Until July 2017, documenting the seasons of coastal Dorset. I'm a complete amateur so don't trust I'm always right. If ever you see I'm wrong - whether with identifications or in anything else - do say! Meanwhile . . . I've now moved to Halifax in West Yorkshire. Click on the link below to collect the new URL. Don't forget to follow there!

Friday, 11 March 2011


Not a lot of change at the tree. The lesser celandines between its toes have been nibbled to their stalks. At the foot of the bank, the dip is dry. When rain comes it will be soggy. Sometimes it's a sluggish small stream. The patches of green down there are celandine leaves - not enough to impress though. Meanwhile, the bluebells on the left of the picture (hope they are bluebells! - time will tell) are bulking up.

March 8th 2011
February 9th 2011 - in colour!

The sky has changed. Not all the time - but when I took the latest pictures (8th March 2011) it was blue.

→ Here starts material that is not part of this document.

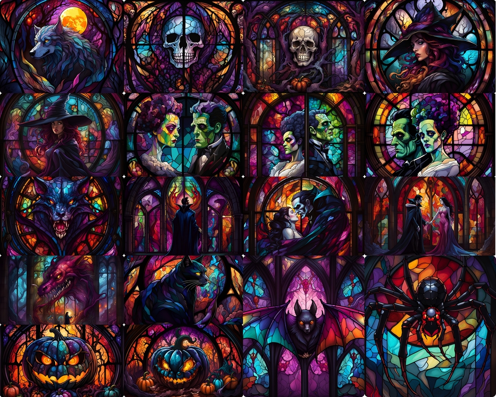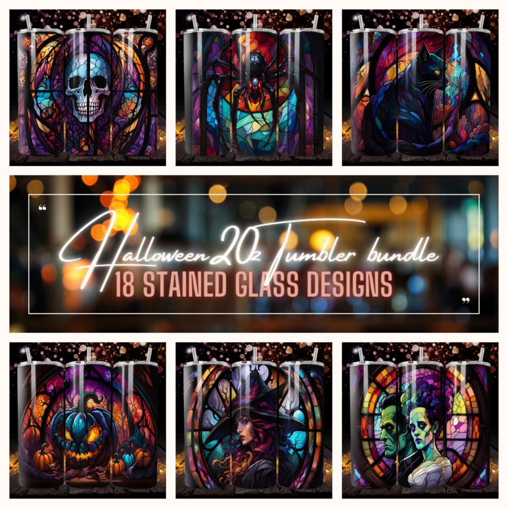 18 Cool Stained Glass window effect Tumbler Wraps Halloween Themed 20 oz Skinny Tumbler Sublimation Design Digital Download Instant DIGITAL ONLY.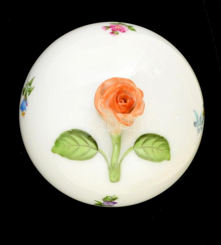 Beschreibung: Herendi rózsás bonbonier, kézzel festett, jelzett, hibátlan, eredeti dobozában, m:7,5 cm

This is the view of the bank opposite, from beside the tree. The sky might be blue but the light is cold. (The shadow on the path is of the next tree along, not the one we are observing. It too is a sycamore.)

At my feet, a clump of moss; a marker so I know where to stand next time.

And on the moss, a sycamore seed. Already it has a root boring into the earth. With this anchored, it begins to wrench its head from the wing.

The parent trees remain leafless while their offspring need light for first shoots.

My breath is taken.

This post is for THE TREE YEAR, 2011


Mag said...

They look like Bluebells to me, too. Hope they're not of the Spanish variety, however!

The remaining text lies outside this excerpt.